Several probe designs incorporate both hybridization and hydrolysis mechanisms. These include the hairpin probe-based system that incorporates a design wherein the loop portion of the hairpin is complementary to a specific target sequence and the stem sequences are a shorter segment on either end of the probe with base complementarity to one another. The 5′ end of the hairpin is labeled with a donor fluorophore and the 3′ end with a quencher. Hybridization separates the donor from the quencher and results in fluorescence. This approach is highly specific because fluorescence is based on a hybridization event to the authentic target.
Continuous fluorescence monitoring of amplification reactions yields a profile that most resembles a logistic regression, with slight variation depending on the fluorescence chemistry used. Double-stranded DNA binding dyes provide an opportunity for additional verification of amplification of the desired product-by-product melting curve analysis. After amplification is completed, a melting protocol can be initiated and fluorescence melting curve analysis performed. Melting curve analysis determines the melting temperature (Tm) of the PCR product and is visualized as a precipitous drop in fluorescence during progressive heating of the PCR product. A mathematical conversion may display the Tm as a peak based on conversion of the fluorescence/temperature curve to a graph showing the −dF/dT versus temperature. The Tm is defined as the temperature at which half of the polynucleotide duplex is dissociated into single-stranded molecules and is mainly dependent on the GC content and length of the amplicon. The Tm is often distinctive for each amplicon.
Real-time PCR provides an analytically precise and technically robust approach for quantification of nucleic acid species in a sample. The quantitative applications of real-time PCR take advantage of the large dynamic range of more than five orders of magnitude.
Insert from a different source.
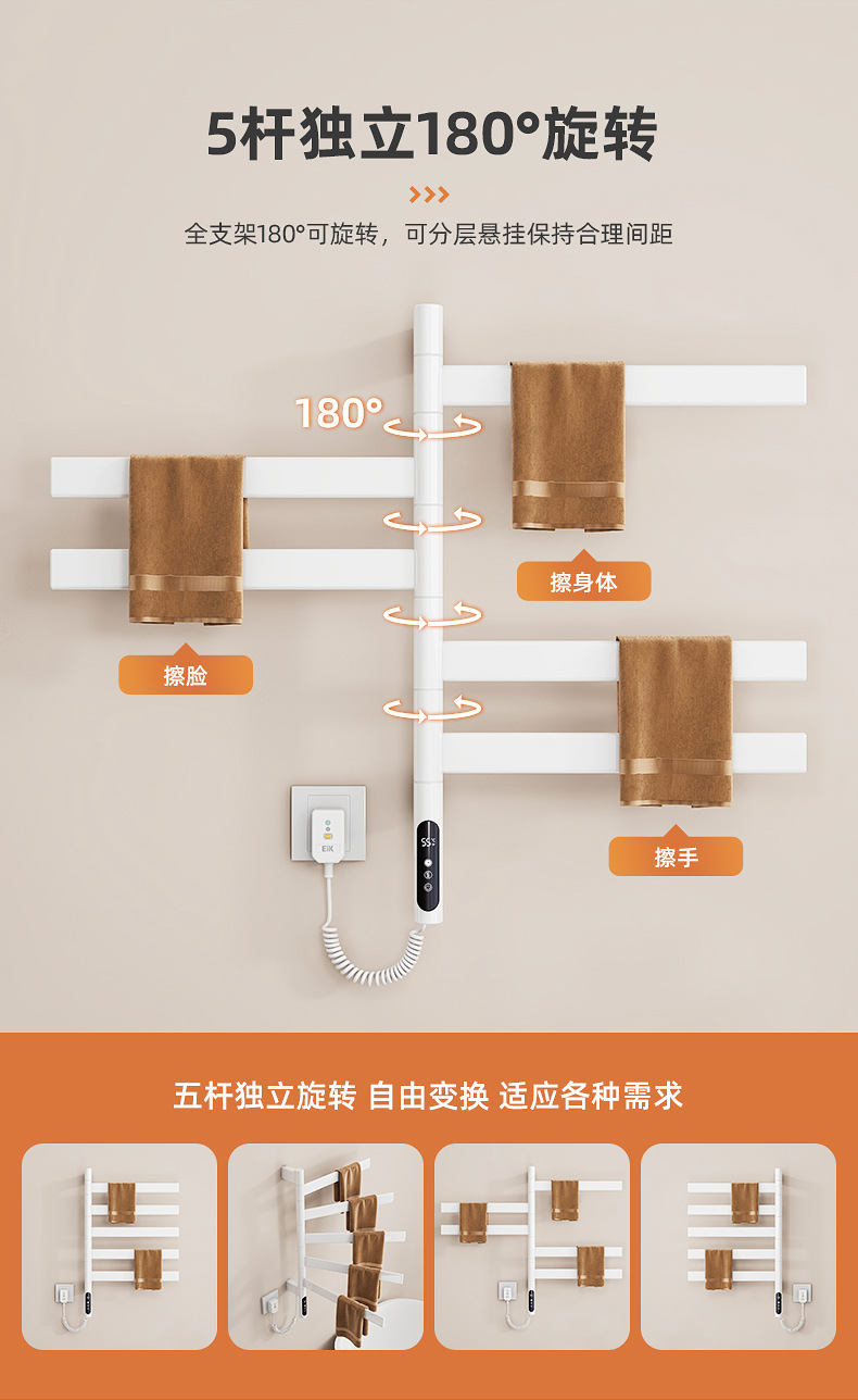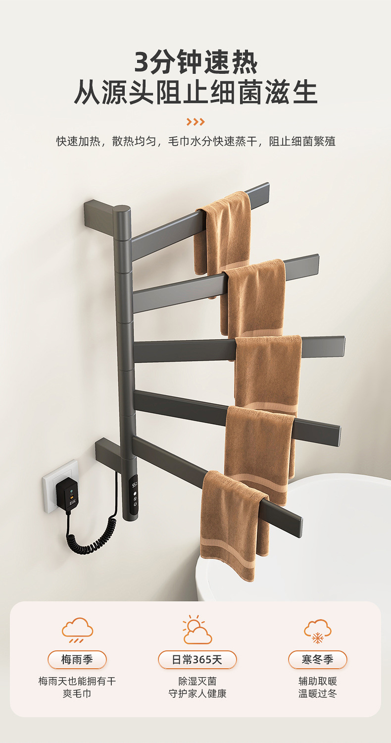 Вращающееся электрическое отопление полотенцесушитель бытовая ванная комната туалет интеллектуальная постоянная температура электрическое отопление скрытое полотенцесушитель полка
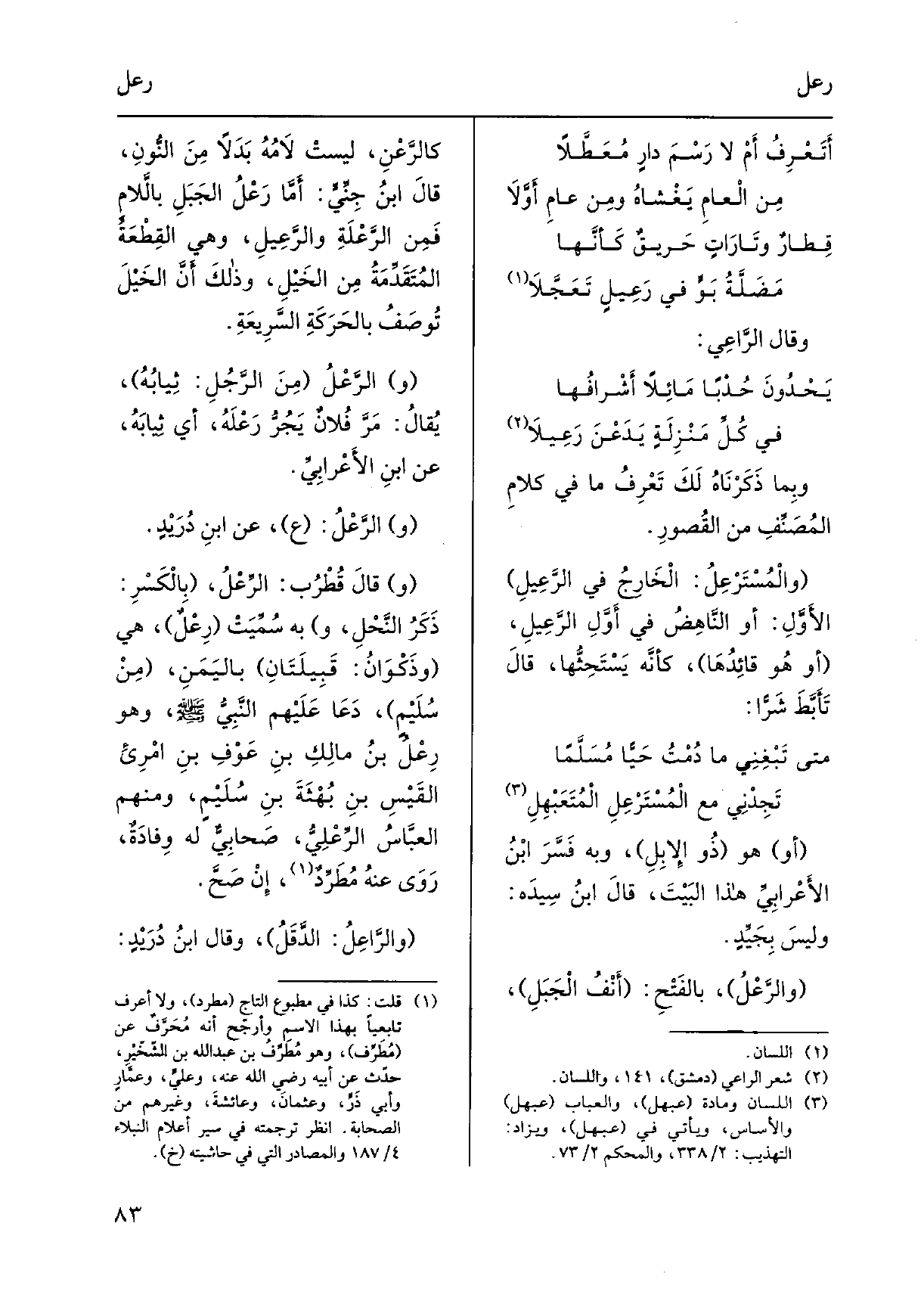 عنهُ مُطَرِّدٌ، إِنْ صَحَّ. والرَّاعِلُ: الدَّقَلُ، وَقَالَ ابنُ دُرَيْدٍ:

Quantification by real-time PCR is most often achieved by determination of the C T . The C T represents a fractional cycle number obtained by interpolation of the amplification profile of the PCR. The C T may be calculated by a variety of approaches, including the threshold analysis method, in which a baseline level of fluorescence is selected (typically from the early amplification cycles) and adjusted by arithmetic or proportional adjustment methods to represent a normalized baseline. This approach suffers the drawback of yielding less reliable results if sample fluorescence levels are low, as might occur in samples with low copy numbers of the intended target. An alternative and suitable approach not requiring such normalization is the second derivative maximum method. In the second derivative maximum method, calculation of the fractional cycle number takes the shape of the amplification curve into consideration. This is advantageous in that there is no requirement for baseline corrections or normalization of fluorescence values. Regardless of method used, well-optimized amplification reactions double template copy numbers with each cycle, and the C T is inversely related to the logarithm of the initial template concentration ( Fig. 6-2 ). Thus, a log-fold increase in copy numbers between samples is reflected in a 3.3 cycle number decrease in C T (2 3.3 = 10 = 1 log). Quantitative real-time PCR assays are continually used for the quantification of fusion transcripts such as BCR-ABL1 and PML-RARA in routine clinical diagnostics.
Sanger sequencing is an in vitro method of DNA sequencing that uses non-extendable dideoxynucleotide incorporation by a DNA polymerase. The classical dideoxy chain termination method includes a DNA fragment of interest, a DNA primer, a DNA polymerase, and deoxynucleoside triphosphates (dATP, dGTP, dCTP, and dTTP). One of four of the dideoxynucleoside triphosphates (ddATP, ddGTP, ddCTP, or ddTTP) is added to each reaction; the other three nucleotides are the standard unmodified deoxynucleoside triphosphates. PCR cycle sequencing entailing repeated denaturation, annealing, chain extension, and termination steps is used to generate amplicon fragments of different lengths by incorporation of one of the four dideoxynucleotide base analogues ( Fig. 6-3 ). The pentose ring in the dideoxynucleotide analogues lacks the 3′ hydroxyl and the 2′ hydroxyl groups. Given that DNA chain extension requires the 3′ hydroxyl group, incorporation of such a base “terminates” further chain elongation. The fragments generated are fluorescently labeled either by fluorescently labeled primers or by fluorescently labeled dideoxynucleotide terminators. In modern sequencers, the products of cycle sequencing are resolved with denaturing polyacrylamide gels or more frequently CE. Detection is achieved by interrogation of fluorescence signals as the DNA fragments traverse the gel past a detector. When fluorescently labeled primers are used to label the amplified fragments, four tubes are required for separate termination reactions. In assay configurations wherein one color is used, each dideoxy termination reaction mixture is subjected to electrophoresis in a separate lane or capillary. Alternatively, if four fluorophores are used, the termination reactions may be combined in one tube during electrophoresis and resolved with only one capillary. Conventional Sanger sequencing permits routine analysis of DNA fragments of up to 800 to 1000 bases in multiwell plate assays containing 96 or 384 samples in a 2-hour analytical run. Sanger sequencing is capable of reliable detection of mutant alleles constituting 20% of the allele burden in somatic conditions (malignancy) with heterozygous mutations ( Fig. 6-3 ).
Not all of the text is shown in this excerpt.